Data excerpt:
↓↓↓
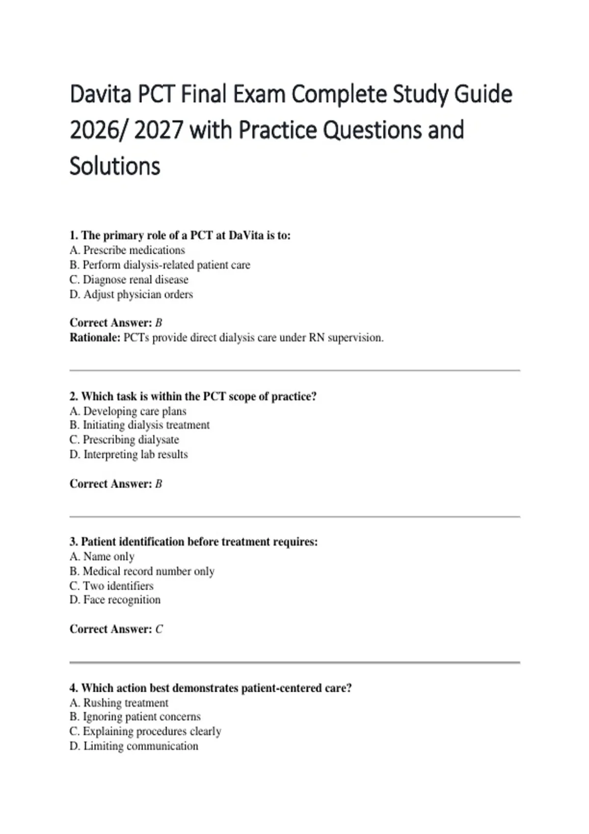 Davita PCT Final Exam Complete Study Guide 2026/ 2027 with Practice Questions and Solutions
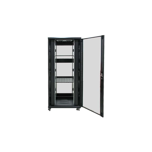 Armario rack suelo 19″ PHASAK-PRO 42U 800×1000 negro, 2 bandejas fijas+Ventilación X4-12″ + Regleta X6 (INCLUYE MONTAJE Y PORTES)
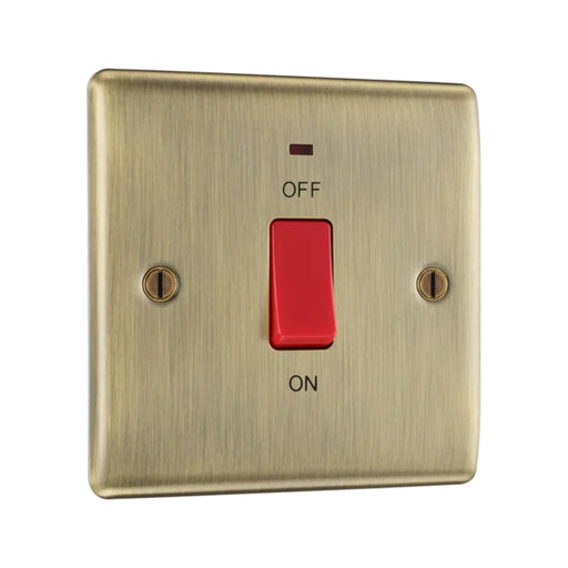 • BG Nexus NAB74 Metal Antique Brass 45A Double Pole Cooker Switch with Neon
↑↑↑
Your objective:
Write out the material above again, word for word, minus its pictures.

Answer box:
 Davita PCT Final Exam Complete Study Guide 2026/ 2027 with Practice Questions and Solutions
 Armario rack suelo 19″ PHASAK-PRO 42U 800×1000 negro, 2 bandejas fijas+Ventilación X4-12″ + Regleta X6 (INCLUYE MONTAJE Y PORTES)
 • BG Nexus NAB74 Metal Antique Brass 45A Double Pole Cooker Switch with Neon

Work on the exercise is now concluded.